Update: An audio recording of the call-in session between religious leaders and President Obama on the health-care debate is available here: A coalition of religious organizations announced today it is sponsoring a 40-day campaign to convince Congress and the public that providing affordable health insurance to all Americans is a moral imperative.
The campaign — designed partly as a counterweight to the hostile crowds that have dogged some members of Congress during the August recess — will include a national television ad, a call-in session with President Obama, sermons devoted to health care, a lobby day on Capitol Hill, and prayer vigils and other events in more than 100 Congressional districts.
“Every so often there’s an issue that’s so clear and compelling or so alarming and disconcerting that it really does galvanize the faith community,” Jim Wallis, president of Sojourners, a liberal evangelical group, said during a news-conference call. He said health care is “a life and death issue.”
Sojourners is sponsoring the campaign with several other liberal-leaning religious groups — Catholics in Alliance for the Social Good and the interdenominational groups Faith in Public Life, Faithful America, and PICO National Network.
“Shouting people down, disrupting public meetings, and worse — we’ve seen it all over the cables. That’s not the American way,” said Katie Paris, program and communications director for Faith in Public Life. “We believe Americans want a civil discussion about this profoundly moral issue.”
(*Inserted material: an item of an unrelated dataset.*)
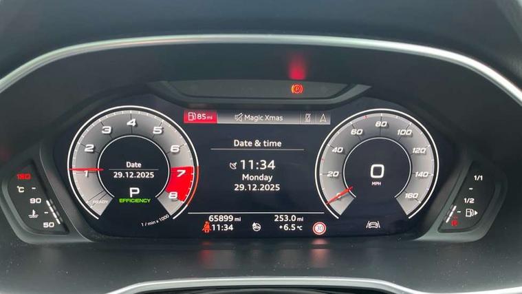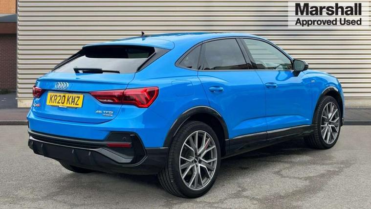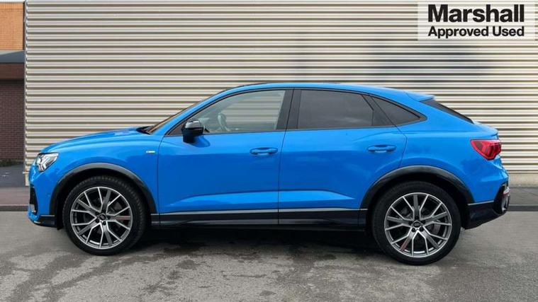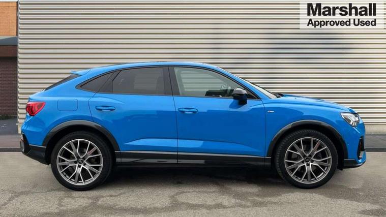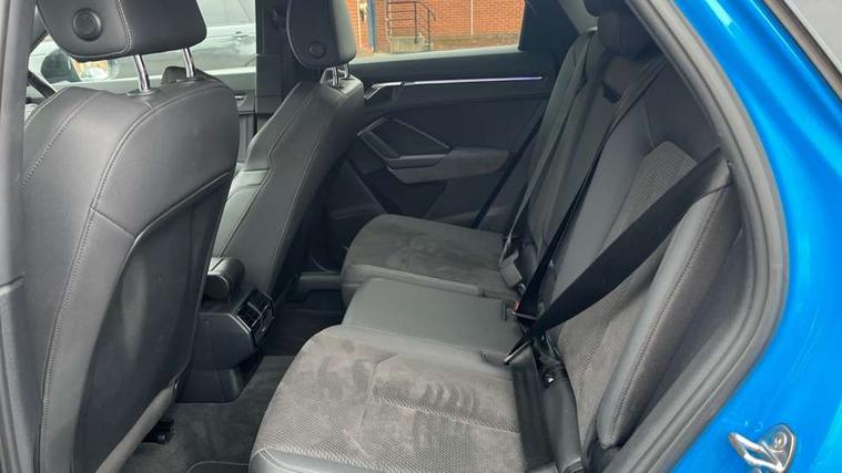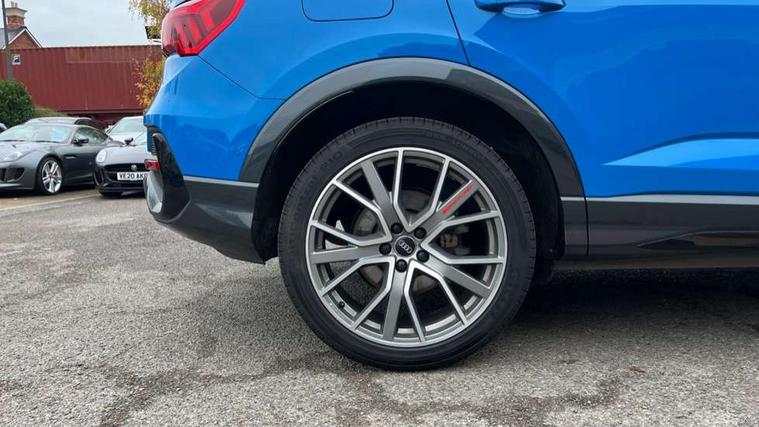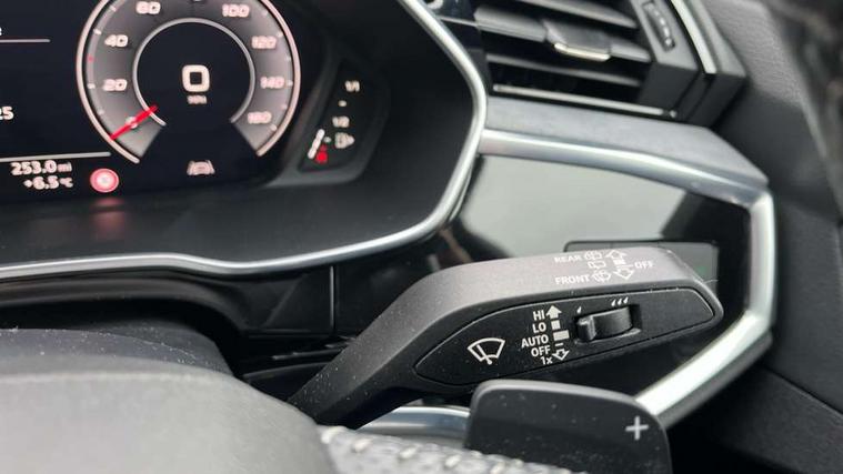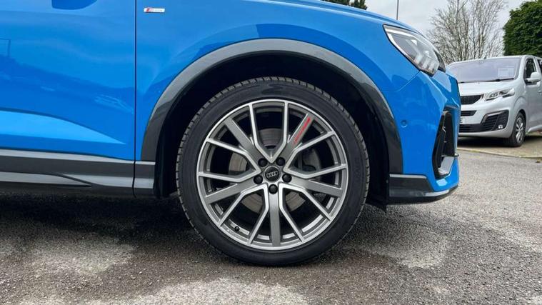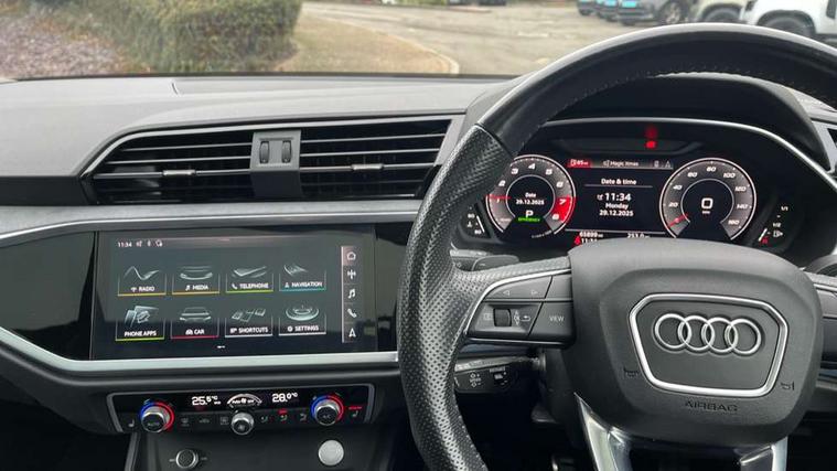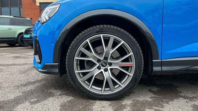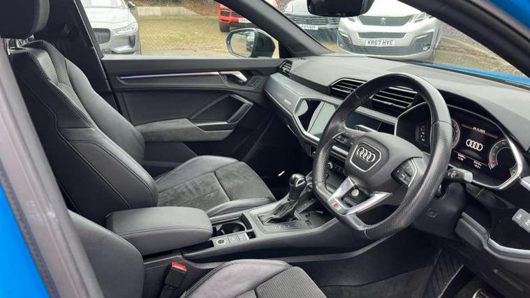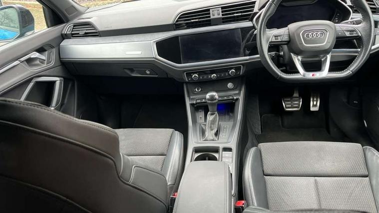 360 degree parking camera, Audi connect safety and service (e-call), Audi drive select, Audi lane departure warning, Audi phone box with wireless charging, Audi side assist, Audi smartphone interface includes wireless Apple carplay/Android Auto, Audi virtual cockpit plus, Bluetooth interface, Camera based traffic sign recognition, MMI Navigation Plus with high resolution 10.1 inch touchscreen colour display, Power operated tailgate, Progressive steering, Rear cross traffic alert, Service interval indicator, Start stop system with recuperation, Voice control system with natural language interaction, Adaptive suspension with damping control, 1 x USB type C and 1 USB type A charging points, Bang + Olufsen 3D sound system, DAB digital radio module, Acoustic windscreen, Audi Beam uses LEDs to project the Audi Sport logo, Auto dimming door mirrors, Auto dimming frameless rear view mirror, Diffuser grille in grained matt black, Diffuser trim in selenite silver, Electrically folding, adjustable and heated door mirrors with integrated LED side indicators and kerb view function for passenger side, Front and rear electric windows, Front fog lights, Front underbody protection in manhattan grey paint finish, Grille surround in aluminium silver matt, Headlight washers, High gloss black finish B and C pillars, Matrix LED headlights with LED rear lights and dynamic front and rear indicator, Panoramic opening glass sunroof, Privacy glass dark tinted rear and rear-side windows (from B-pillar backwards), Rain and light sensors, Rear underbody protection in matt black, Side skirt insert in matt Platinium grey, 12V socket in rear centre console, 3 spoke flat bottomed high multi-function leather sport steering wheel with gearshift paddles, 4 way electric lumbar support for driver and front passenger, 40:20:40 folding with manual adjustment for 60:40 forwards/backwards position and backrest angle, Adjustable rear seat bench/backrest with centre armrest and cupholder, Black cloth headlining, Dual zone electronic climate control, Electrically adjustable front seats, Front and rear black floor mats with contrast stitching, Front and rear headrests, Front and rear roof module including reading lights, Front centre armrest, Glove compartment lighting, Heated front seats, Height and reach adjustable steering wheel, Illuminated door sill trims with S logo, ISOFIX child seat mounting for front passenger with airbag deactivation and outer rear seat including top tether attachment point for outer rear seats, Luggage compartment light, Perforated leather gearknob, Stainless steel luggage compartment sill finisher, Stainless steel pedals, Black styling pack - Q3, Driver Assistance Pack - Q3, Multi coloured extended ambient interior lighting pack - Q3, Non smoking pack - Q3, 3x3 point rear seatbelts, 6 airbags - Driver, front passenger, curtain and side windows, Audi pre-sense front with pedestrain and cyclist recognition, Electrically operated child locks on rear doors, Electromechanical parking brake, Electronic stabilisation control including ABS, ASR and EDL, Hill descent control, Hill hold assist, Pre sense basic, Seatbelt monitoring, Tyre pressure warning, Warning triangle and first aid kit, Advanced key, Anti theft alarm, Anti theft wheel bolts, Remote central locking, Detail dashboard around MMI touch colour display in glass look, black with surround in aluminium look, Leatherette door armrest,

The “five-figure” television ad, which will appear on national cable channels, features religious leaders and lay people charging that “special interests” are working to defeat proposals to overhaul the health-care system.
The call-in session with President Obama, which will take place the evening of August 19, is sponsored by 24 Christian, Jewish, Muslim, and other groups. Audio of the event, which will feature comments by religious leaders and calls from the public, will stream live on the Internet.
Several participants in the conference call said they witness people in their congregations daily who cannot afford health insurance or who face high costs even if they are covered. “We cannot sit idly by while we have a system that just doesn’t work for everyone,” said Rabbi David Saperstein, director of the Religious Action Center of Reform Judaism.
The participants said they plan to counter some of the myths that are circulating about Congressional proposals to improve the health-care system — for example, that they would sanction euthanasia.